Après les très sévère crises aviaires de 2016 et 2017, qui avaient également frappé de plein fouet le Sud-Ouest, celle de début 2021 a été un très mauvais coup.

"La mobilisation de tous nos collaborateurs et la solidarité de nos différents bassins de production durant les crises sanitaires, nous ont permis d'assurer l'approvisionnement de nos agriculteurs et de nos clients sans interruption", s'est néanmoins félicité Michel Prugue, président du groupe coopératif Maïsadour, le 7 décembre dernier lors de l'assemblée générale annuelle.

Si le groupe landais a souffert au cours de son dernier exercice, il reste néanmoins installé sur des bases solides, avec un chiffre d'affaires de 1,2 milliard d'euros, réalisé avec près de 5.000 salariés.

Bientôt une coentreprise gastro entre Euralis et Maïsadour ?

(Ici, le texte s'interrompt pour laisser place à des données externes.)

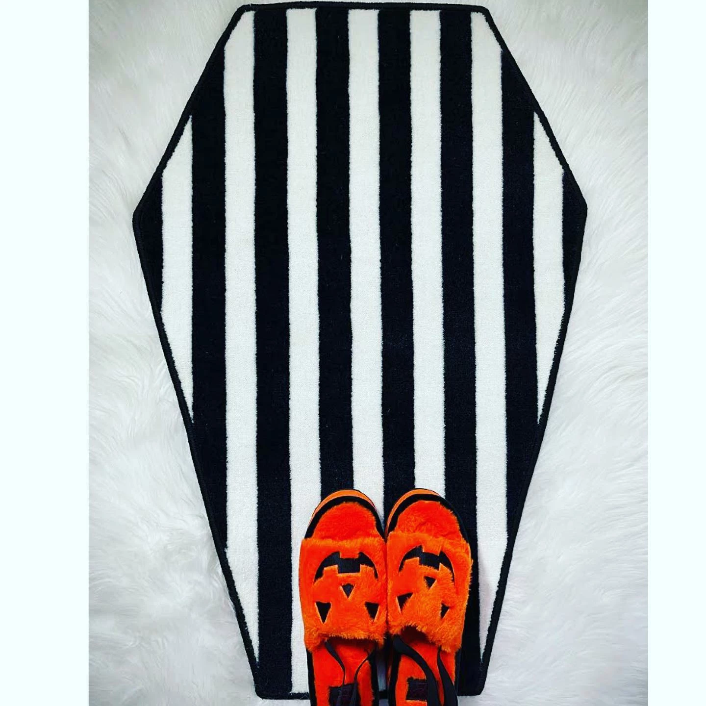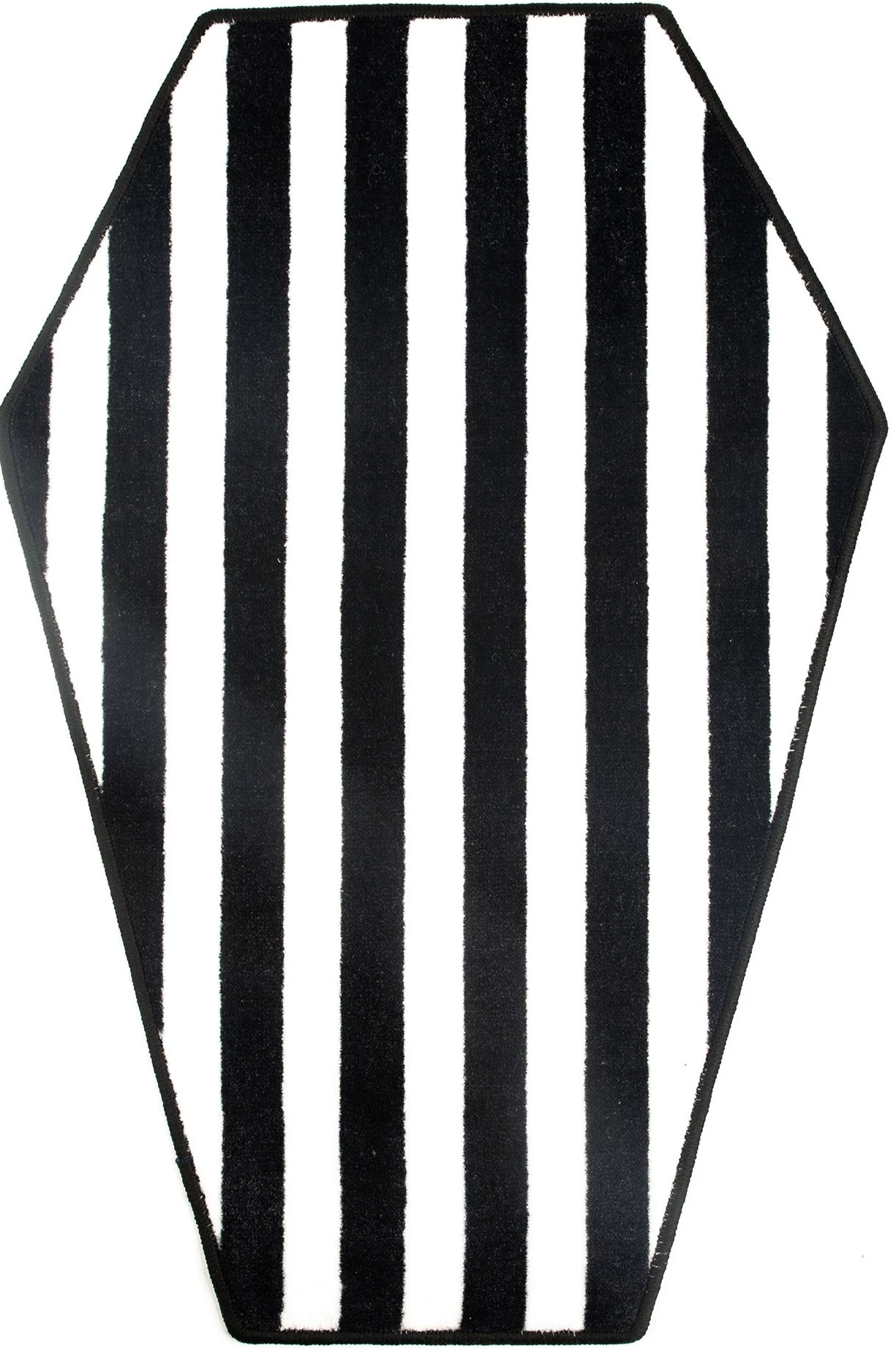 Decorate your crypt with our new Sourpuss coffin shape rug. This is a high pile rug in black and white stripes, it’s luxurious enough to make Lydia Deetz smile!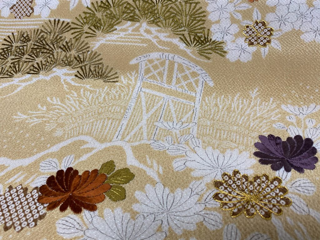 御所解 枝折戸、落ち着いた色目ですが縫いの力強さを感じていただける仕上がりです。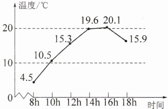 4. (杭州中考题)已知杭州市某天六个整点时的气温绘制成统计图如图所示,则这六个整点时气温的中位数是____$^{\circ}C$。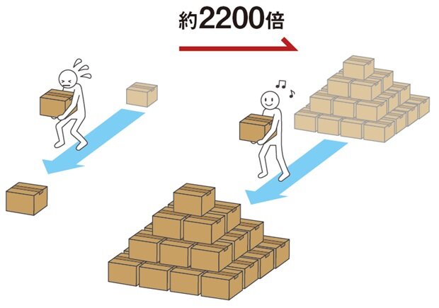 例えば同じ軸径・ボール径・ボール数のリニアブッシュとボールスプラインの場合、リニアブッシュは荷物1個で疲れますが、ボールスプラインは2200個運ぶことが可能になります。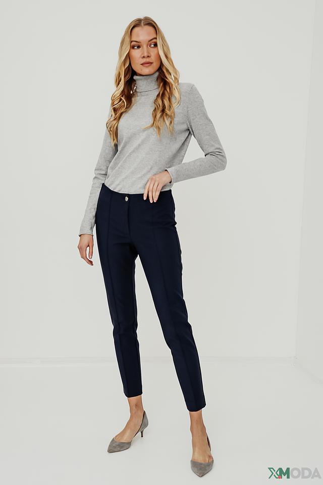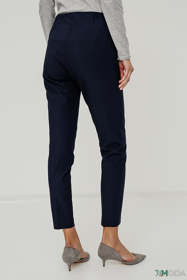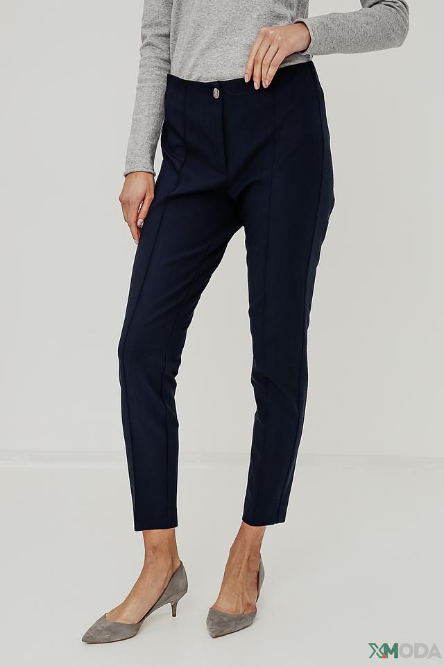 Брюки имеют прямой крой и стандартную посадку по талии. Особенности дизайна включают вертикальные вытачки спереди, которые визуально удлиняют ноги и создают более стройный силуэт. Застежка выполнена на молнию и пуговицу.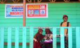 Seorang guru dengan masker di wajahnya mengajar sejumlah murid yang tirai menggunakan masker di SD Al Maarif 1 Kampung Maibo, Kabupaten Sorong, Papua Barat, Sabtu (6/3/2021). Sejumlah sekolah di Provinsi Papua Barat sudah mulai melakukan pembelajaran tatap muka setelah hampir setahun pembelajaran dilakukan secara dalam jaringan (daring) atau luar jaringan (luring) selama masa Pandemi COVID-19. (FOTO : ANTARA FOTO/OLHA MULALINDA)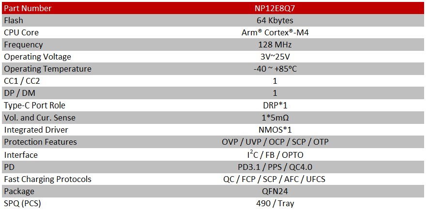 The NP12 is a highly integrated fast-charging protocol IC supporting USB Type-C PD or single-port Type-A applications, featuring a built-in high-performance processor and large-capacity programmable Flash memory. It integrates CC/CV control loops, bidirectional discharge circuitry, and multiple system protection functions. With its highly integrated design requiring minimal external components, it provides a complete, low-cost solution for applications such as power adapters and car chargers.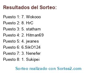 Lista de participantes: 1. Sukipei, 2. Hitman69, 3. Nenefer, 4. jwanes, 5. statham, 6.SikO124, 7. Wokooo, 8. HrC.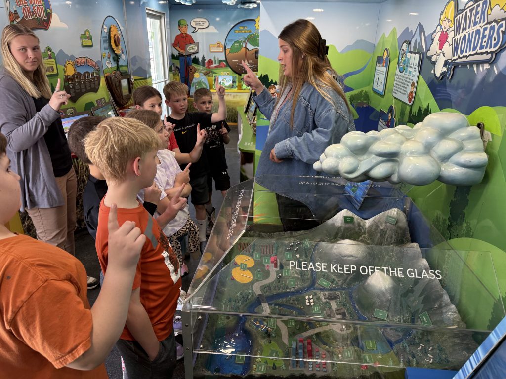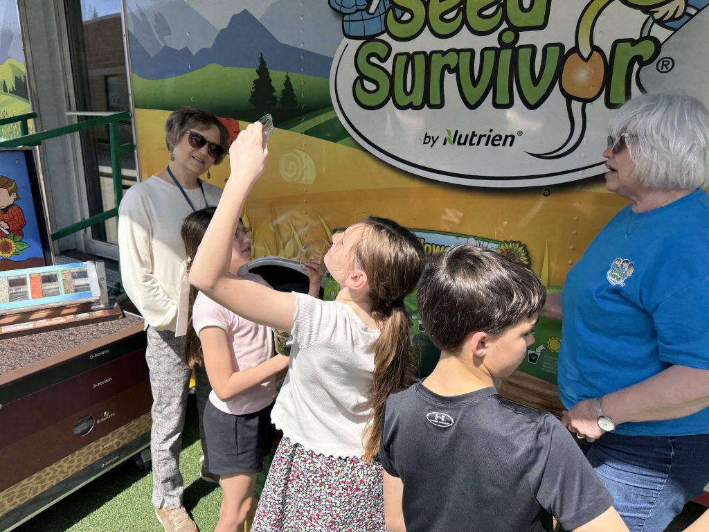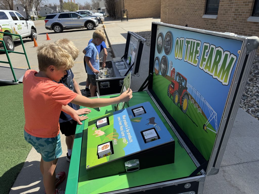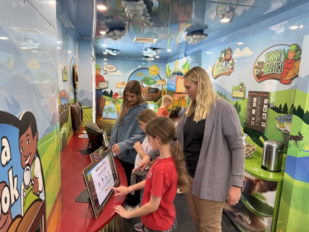 Inside the trailer, students explored interactive stations featuring touchscreen games, simulated weather systems, and lessons on plant nutrients and crop growth. Students had the opportunity to learn what plants need to survive, including water, sunlight, and nutrients like nitrogen, phosphorus, and potassium, and how soil layers support plant life.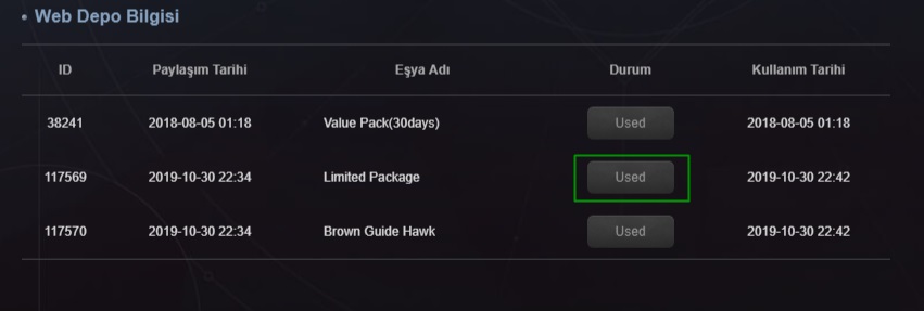 Burada satın aldığınız ürün ve tarihler gözükecektir. Buradan işaretlenen alandaki “Use” butonuna tıkladığınızda satın aldığınız ürünler oyun içi posta kutunuza gelecektir. Oyun ekranına dönüp “B” tuşuna bastığınızda satın alımını gerçekleştirdiğiniz ürünleri teslim alabilirsiniz.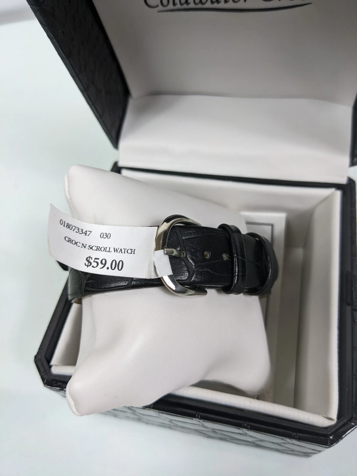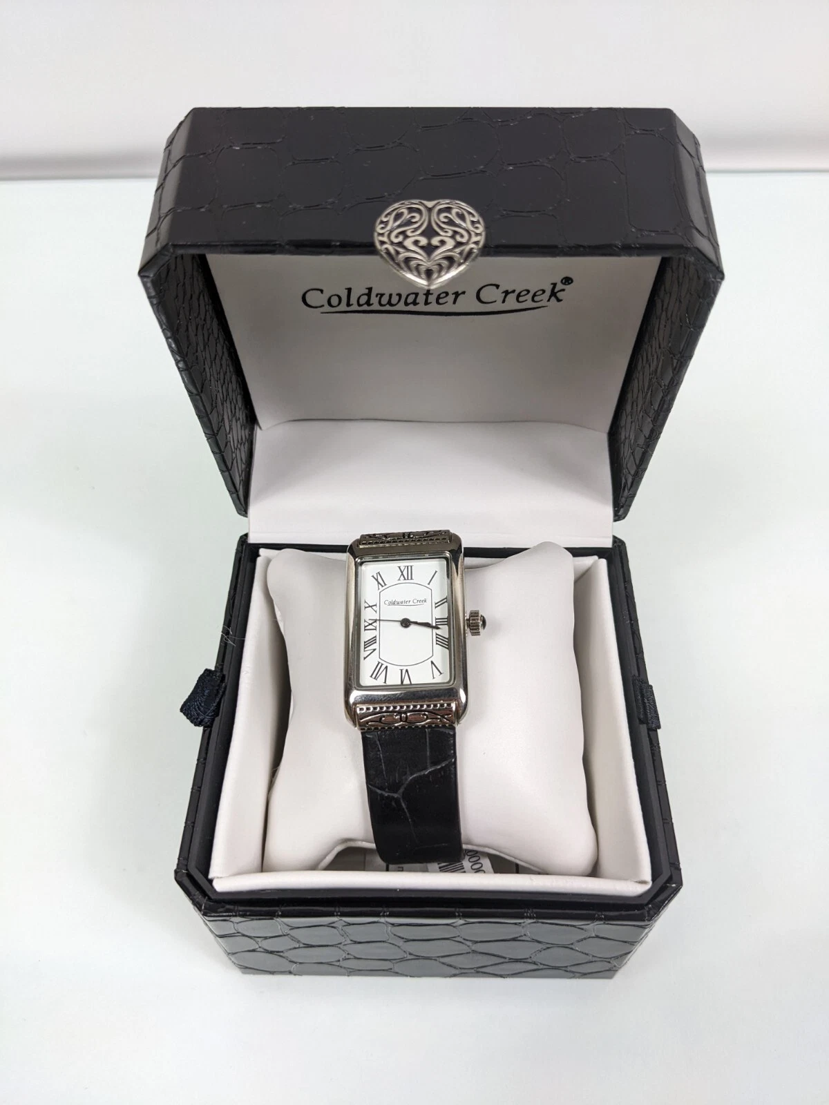 Tank Watch Pedre Black  Croc and Scroll Band Coldwater Creek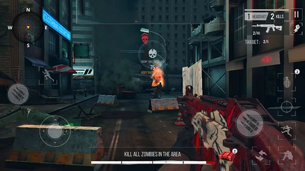 6、进入战斗界面,会听到僵尸的叫声,注意观察你的四周,通过射击或者扔雷,把所有的僵尸消灭,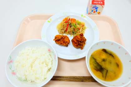 《今日の献立》 ・ごはん ・油淋鶏 ・春雨の五目炒め ・豆腐のみそ汁 ・牛乳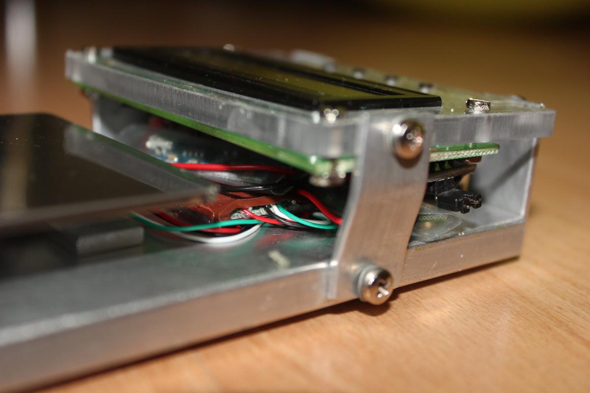 Hinter einer 5mm Acrylglasplatte liess es sich gut verschrauben. Da ich das Display nicht Parallel ansteuern möchte kam auf die Rückseite ein IIC/I2C/TWI/SPI Serial Interface Board Module Port 1602LCD Display-Dingsi.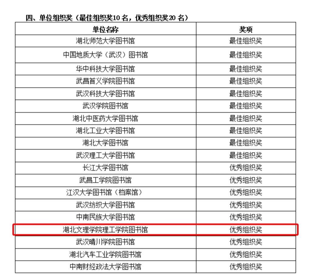 (图书馆 王林珊)近日,第七届湖北省高校图书馆“馆员风采”大赛圆满落幕。在大赛线上答题环节中,我们图书馆馆员表现优异,共斩获二等奖、三等奖各一项。同时,我们图书馆也凭借出色的组织工作,获评大赛“优秀组织奖”。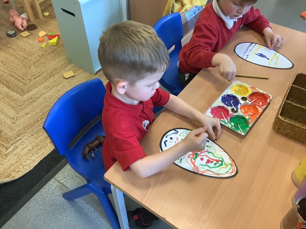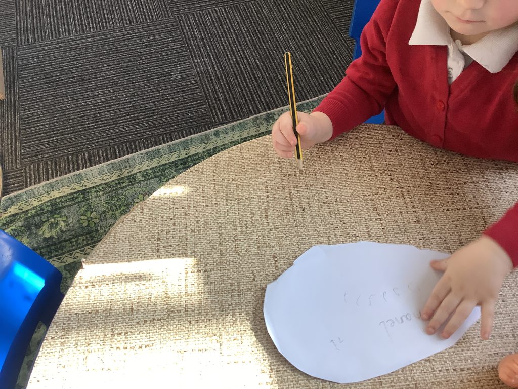 Using their “pinchy fingers” to pick up the rabbits helped to strengthen their fine motor skills, supporting Physical Development—an important foundation for later writing.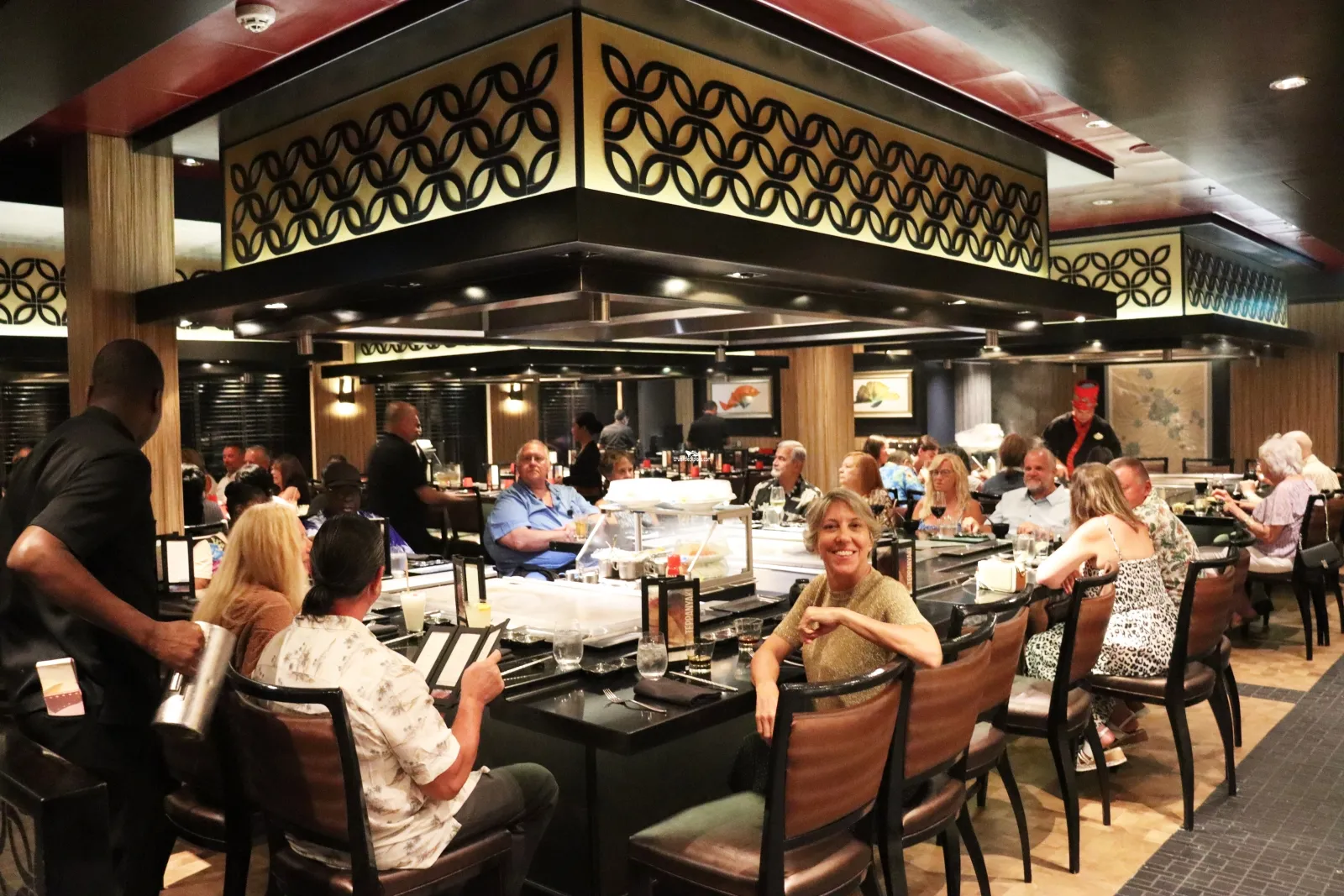 Has a cover charge of $25 per person (reservations recommended). It offers a hibachi-style dinner and show and has a tranquil ambiance delivered from its traditional Japanese rock garden featuring bamboo plants and bonsai trees. Seating 96 guests around 12 flat top grills the chef's showcase their knife skills whilst cooking exhibition style Japanese cuisine.Mixx Bar

Mais les coups de boutoir provoqués depuis 2016 par de terribles épizooties, qui se sont soldées par la perte de millions de têtes de canards et de poulets, et de redoutables chutes de productivité, poussent les dirigeants à se questionner. D'autant plus que, malgré toutes les mesures sanitaires prises depuis 2016, une nouvelle épizootie a recommencé à frapper la région depuis décembre dernier, et ne cesse de monter en puissance depuis le début de ce mois de janvier 2022.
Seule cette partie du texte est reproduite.